荷物をまとめた後一階に下りて歯を磨く。朝食は母親が出してくれたものを食べるが、育ち盛りの俺には少し物足りないため、食パンとカフェオレを追加でいただく。俺は地で『早飯早グソ芸の内』を実践しているのでトイレに行く。洗面所で手を洗い、洗顔をして身だしなみを整えたら学ランを着込んで完成だ。
予定より少し早いが7時10分に家を出る。3つはす向かいの家が俺の幼なじみ、『御巫麗』の家だ。
俺の幼なじみ『御巫麗』について少し話そう。
彼女と出会ったのは3歳の夏頃、麗が保育園に中途入園してきたのがきっかけだ。
おとなしくて可憐な出で立ちをしていた彼女は、お人形さんみたい、という形容詞がぴったりの女の子だった。

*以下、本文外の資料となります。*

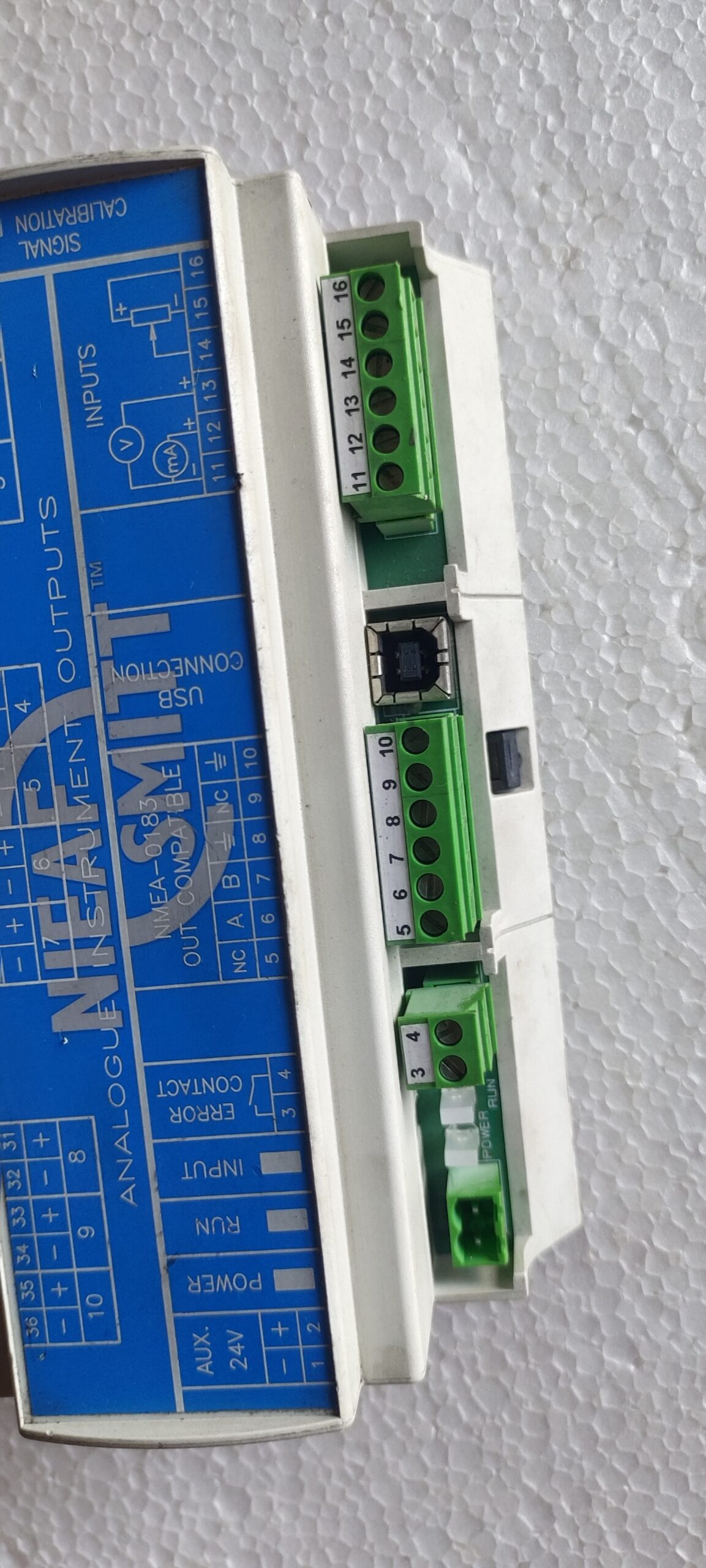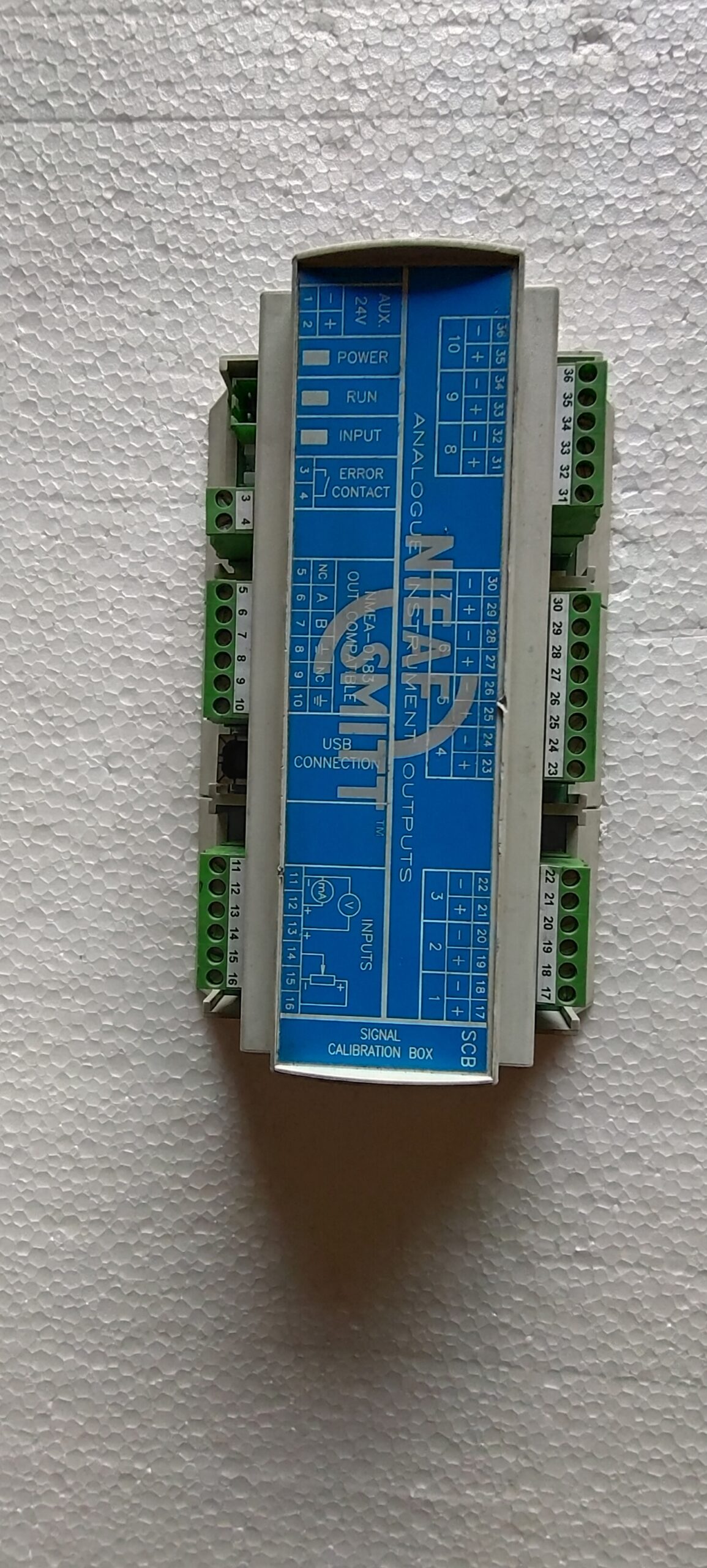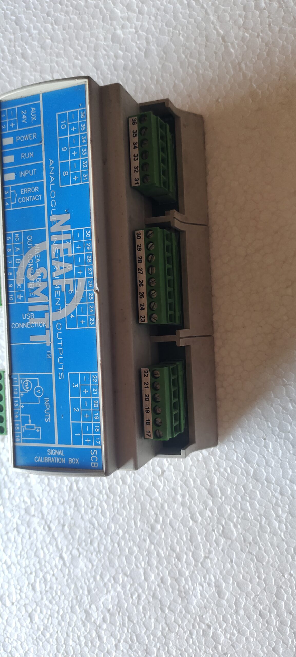 The Raytheon Anschütz (Nieaf Smitt) SCB-RAI 10 Signal Calibration Box is a marine-grade unit designed to receive, calibrate, and convert rudder angle sensor signals for up to 10 analog indicators and one NMEA 0183 output. It ensures accurate rudder position display by allowing for individual calibration of indicators, featuring 35mm rail mounting, a USB port for PC-based configuration, and compatibility with various feedback units.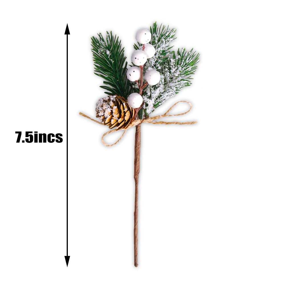 10 PCS Natural Rustic Christmas Picks:each pine branches has many full holly berries for crafts,artificial evergreen branches,mini pine cones and red berries.christmas picks and sprays is realistic & natural looking! 10 PCS Floral Picks:Each artificial pine branches has many red berry stems for crafts,mini pinecones for crafts.Christmas picks and sprays is realistic & natural looking! White Berry Wreath Supplies Dimensions:The artificial floral picks size is about stem 8 inch tall / long,red berry stems and pine cones for wreath diy. Holiday Decorations Accessories:Christmas tree picks are suitable for Christmas decor,gift wrap embellishment, Mother's day decoration,holiday floral arrangements,garland accessories,wedding&party decoration. Artificial picks for crafts set are made of high-quality materials and exquisite craftsmanship. We make sure the wreath making supplies is easy to use, looks realistic and vivid,elegant and beautiful, sturdy and durable. We want to provide our customers with nothing less than the best.If you have any questions about our floral picks or service, We will try our best to solve your problem.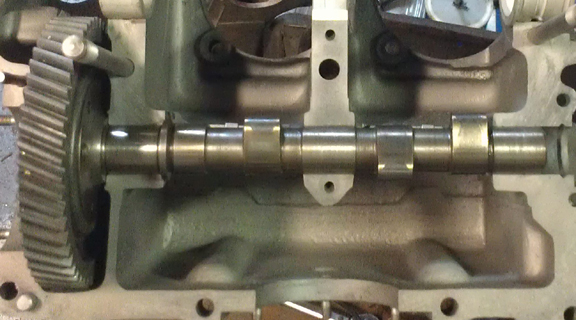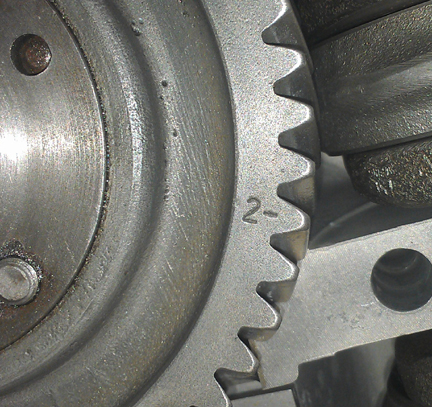 this point, the camshaft's mating to the crankshaft timing gear is evaluated.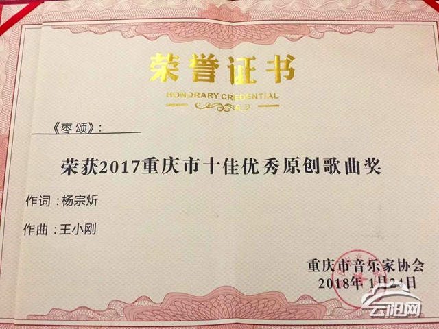王小剛如今是云陽教師進修學院音樂高級講師、縣音樂家協會主席、縣文聯副主席。身為音協主席,這幾年來,自己潛心創作之余,也沒忘記幫助年輕創作者提高創作水平。他多次請市音協專業作曲家下來講課,推薦會員參加高端培訓,邀請周邊區縣的創作人員來云陽交流;同時還積極動員縣作協、詩歌團體的成員創作歌詞,共同推進本土音樂創作的發展。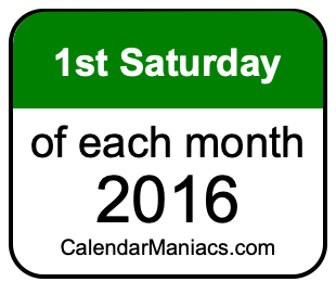 On top of that, for you calendar minimalists, we have also created a list of the 1st Saturdays of each month in 2016 in the MM/DD/YY format, as you can see below: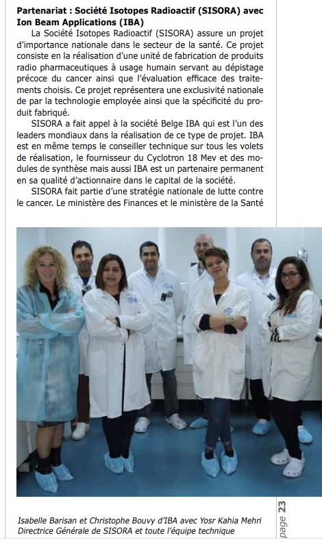 Publication d'un article sur le projet de notre Societe Isotope Radioactif "SISORA" dans la nouvelle édition de la revue trimestrielle " Lettre de la Délégation générale Wallonie-Bruxelles en Tunisie.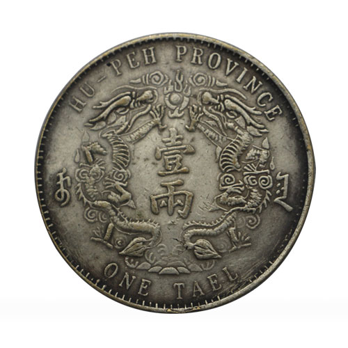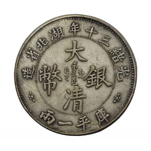 银币正面中央珠圈内镌满汉文"大清银币"四字,珠圈外上环镌汉字"光绪三十年湖北省造",下环镌汉字"库平一两"。银币背面中央镌汉字"壹两",左右环镌双龙戏珠图案,龙图外上环镌英文省名HU-PEN PROVINCE(湖北省),下环镌英文币值ONE TAEL(一两),左右两端镌满文"一两"。银币文字俊秀,龙图生动传神,堪称清代龙洋中的典范。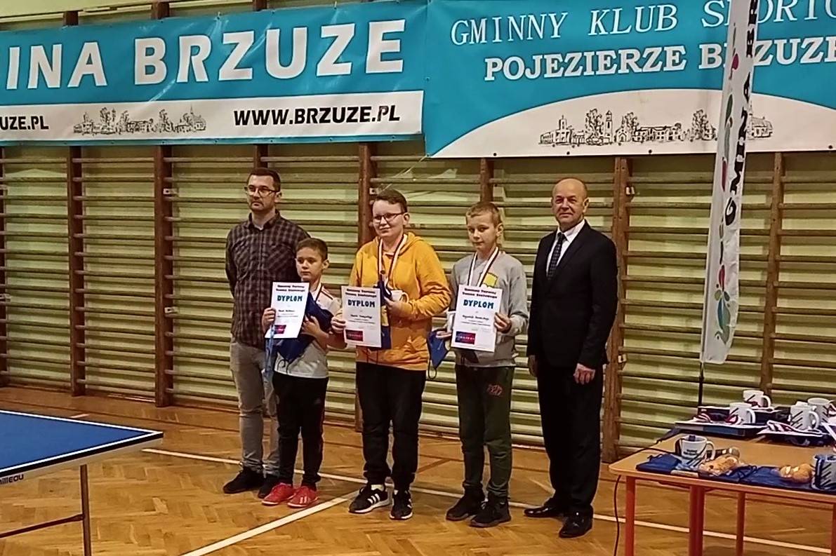 Piątkowe popołudnie 19 listopada upłynęło w sportowym duchu. W sali gimnastycznej szkoły w Ostrowitem sześćdziesięciu czterech zawodników stanęło w szranki przy stołach tenisowych. Dzieci, młodzież i dorośli uczestniczyli w Gminnym Turnieju Tenisa Stołowego, który w gminie Brzuze cieszy się od wielu lat niezwykłą popularnością. Wśród dziewcząt (kat. szkoły podstawowe) zwyciężyła Natalia Mejer, drugą lokatę zdobyła Julia Rykaczewska a trzecią Agata Górecka. W kategorii chłopcy (kat. szkoła podstawowa) na najwyższym podium stanął Krzysztof Boniecki, drugi był Karol Dunajski, a trzecie miejsce wywalczył Marek Małkiewicz. W kategorii młodzież szkół średnich oraz dorośli bezkonkurencyjny okazał się Paweł Pesta. Na kolejnych pozycjach zaleźli się Jakub Tęgowski i Tomasz Wiśniewski. Daria Pesta i Marek Małkiewicz otrzymali wyróżnienia jako najmłodsi zawodnicy rozgrywek.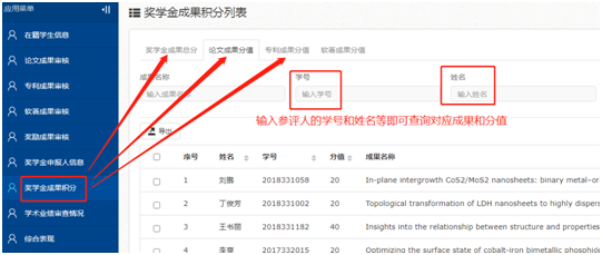 研究生师生信息综合库”(//one.dsdytv.net/),在【奖学金成果积分】栏进行查询(见下图说明)。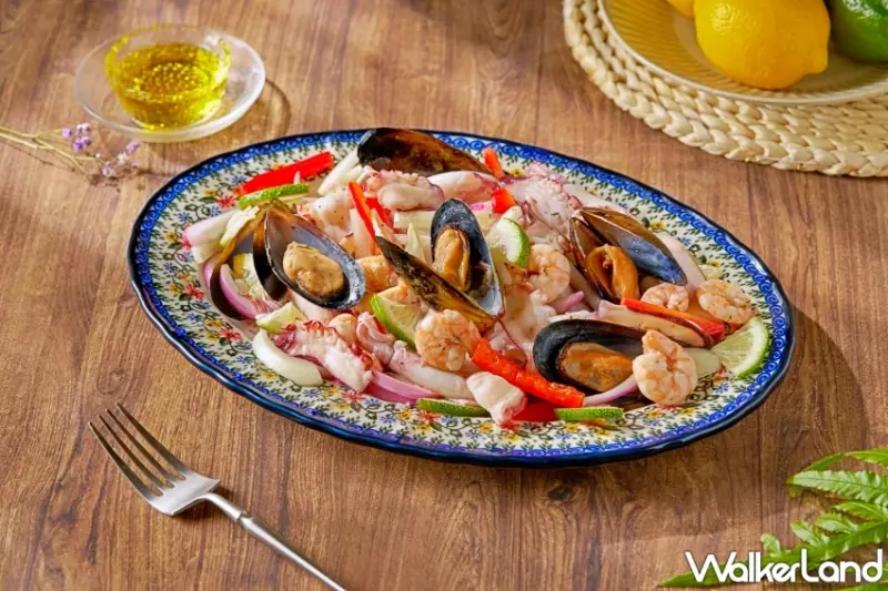 ▲「義式檸檬海鮮沙拉」酸香清爽,富有地中海風情 / 茹曦酒店Sunny Buffet提供、WalkerLand窩客島整理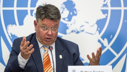 A la crisis climática generada por el ser humano, que está haciendo que las temperaturas planetarias alcancen niveles récord desde que existen registros fiables —arrancan en el siglo XIX—, se le une ahora El Niño, un fenómeno que caldea determinadas zonas del océano Pacífico y que acaba teniendo repercusiones globales. “Se espera que en los próximos meses se instaure un episodio de El Niño, que ejerce un efecto de calentamiento. Sumado al cambio climático causado por las actividades humanas, elevará las temperaturas mundiales hasta límites desconocidos”, ha advertido este miércoles el secretario general de la Organización Meteorológica Mundial (OMM), Petteri Taalas. “Esto tendrá repercusiones de gran alcance para la salud, la seguridad alimentaria, la gestión del agua y el medioambiente. Tenemos que estar preparados”, ha añadido a través de un comunicado Taalas, el máximo responsable de este organismo dependiente de la ONU y que agrupa a los principales servicios meteorológicos del planeta.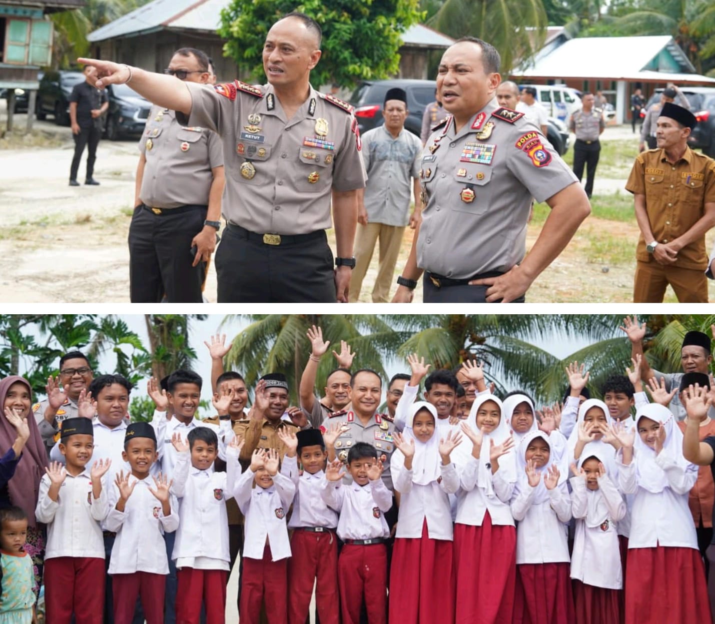 Tak hanya melakukan peninjauan fisik, Kapolda juga menunjukkan kepedulian terhadap dunia pendidikan dengan membagikan buku kepada para siswa yang hadir.

俺はその当時からどちらかというと浮いていて、独り黙々と粘土遊びをしていた所に、何を思ったのか一緒に遊びたいと言ってきたのが麗だった。
それからは家が近所なのもあり、家族ぐるみで遊びに行ったりもした。
彼女は小中と順調に成長し、身贔屓なしにみてもカワイイ女の子だと思う。明るく人なつっこい麗は、みんなの中心になる事が多く、近くにいる俺にも友人が少なからずできた。でもそんな友人だからか、俺はこれまでの友人関係を一切合切捨てて神鳴高校を選んだし、自分の力で友人と、そして彼女を、作りたいと思えたのだ。麗には頼らずに、自分の力で。そのことを、今日から女子高生になる幼なじみ、御巫麗に伝えようと思う。
閑話休題。
麗の家の前に来た俺は、インターフォンを押す。
『はぁ~い、どちらさまですか?』
おばさんの声が聞こえたので用件を伝える。
「おはようございます。紅藍ですけど、麗に話があっ」
「くーちゃん!?こんな早くにどうしたの?!」
食い気味で尋ねられたが慌てずにもう一度用件を伝える。
「お久しぶりです。学校に行く前に麗に話したいことがあって来たんですけど…」
「ちょっと待ってて!今行くから」
おばさんはインターフォンを切って玄関に向かってきているようだ。家の中から足音が聞こえてきた。近づいてきた勢いそのまま玄関ドアが開け放たれた。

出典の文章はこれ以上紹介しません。